Wednesday, April 30, 2003

There were a lot of reasons to be thankful for a speedy victory in Iraq, but one that hadn't occurred to me is the refreshing break from the interminable "should we/shouldn't we?" debate in every blog/editorial/magazine, etc. First the Hitch calms down, breathes, and writes articles once again worth reading. Now, I've suddenly found myself agreeing with Andrew Sullivan 3 TIMES in the past two days. I had pretty much given up reading him--I always enjoyed his contrarian viewpoint, but the Bush ass-kissing and the war-fever were giving me hives. Now, he's writing convincing, urgent screeds against Santorum that I have enjoyed following. Today's rant against Norman Mailer was another I had to admire. In a Times of London article, Mailer claims that the war was a front for saving the self-esteem of the white male by writing:
the good white American male still had the Armed Forces. If blacks and Hispanics were numerous there, still they were not a majority, and the officer corps, (if the TV was a reliable witness), suggested that the percentage of white men increased as one rose in rank to the higher officers. Moreover, we had knock-out tank echelons, Super-Marines, and-one magical ace in the hole -- the best air force that ever existed. If we cannot find our machismo anywhere else, we can certainly settle in on the interface between combat and technology. Let me then advance the offensive suggestion that this may have been one of the cardinal reasons we went looking for war.

Sullivan responds with:
Yes, it is offensive, in as much as it is offensively stupid. Mailer also ignores the other obvious facet of the new military: the presence of women. So apart from the fact that the military is a showcase for feminism and racial integration, it's a symbol of white male supremacy? Does no-one even edit this drivel?

Agreed. Third and final point of agreement is a minor one, but quite telling. Sullivan has been bitching and moaning for ages about the extreme radical bias of the BBC. Mostly I ignore these posts because they are long and boring. But yesterday's was quick and striking. When referring to Osama bin Laden, the BBC says;
It is one of the main reasons given by the Saudi-born dissident - blamed by Washington for the 11 September attacks - to justify violence against the United States and its allies.

Sullivan comes back with:
Sakharov, Walesa, bin Laden. That's the mind of the BBC.

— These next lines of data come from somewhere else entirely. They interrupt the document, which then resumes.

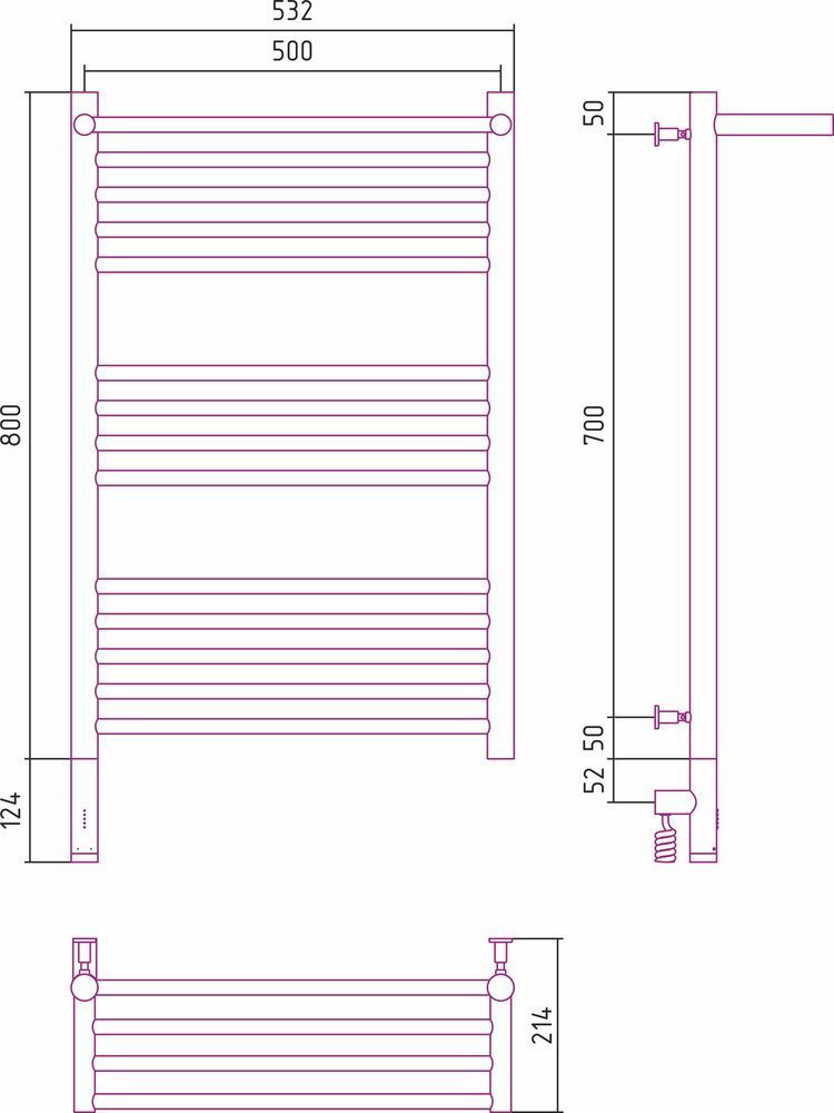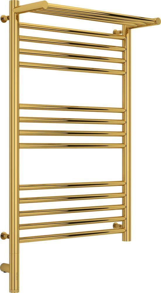 Электрический полотенцесушитель Сунержа Богема с полкой 3.0 800х500 мм, 14 перекладин(5-4-5). Мощность 300 Вт, цвет золото. Интегрированное в корпус скрытое подключение.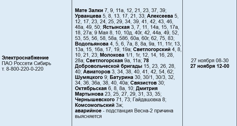 Всего под отключение попало 19 улиц. По информации «Россети Сибирь, электричество пропало из-за технологического нарушения на Весны-2.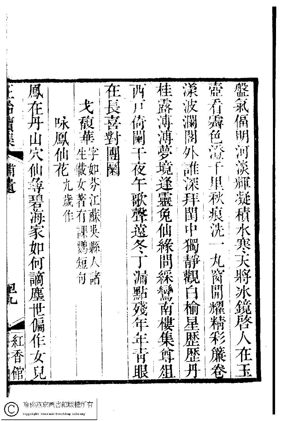 | (PRINT FRIENDLY VERSION) 國朝閨秀正始續集﹕十卷﹐附錄﹕一卷﹐補遺﹕一卷﹐輓詞﹕一卷(清惲珠輯)。清道光十六年(1836)紅香館刻本。 ![]() Page : 補遺.49a | click for larger image | Back |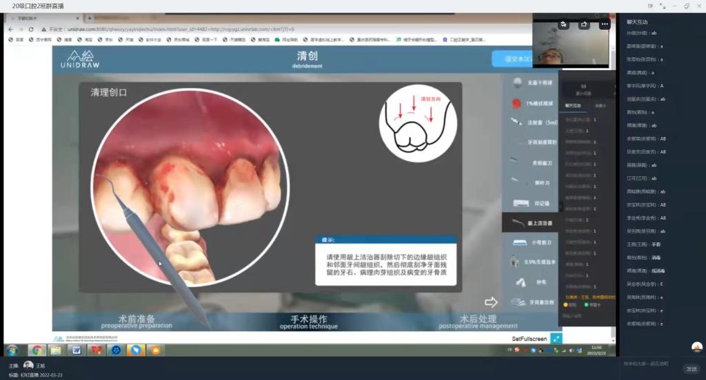 临床学院教师利用口腔虚拟线上教学训练系统辅助《口腔内科学》课程教学。系统综合运用交互式多媒体与虚拟现实技术,将口腔医学实验情景、过程以及结果真实化,从而使学生的体验更具有真实感。

Agreed. It's not always jingoistic to call a spade a spade. Okay, bin Laden dissents, sure. But he's a mirror image of the others. Andrei Sakharov, Lech Walesa, Vaclav Havel, Nelson Mandela--these are men who put their lives and their family's lives on the line to achieve democracy and self-determination in the face of a oppressive regime. It is unconscionable that the commentators at the BBC do not have the moral intelligence to differentiate between a murderous ideologue and courageous reformers, and it is an insult to those we revere as dissidents to include his name in their ranks.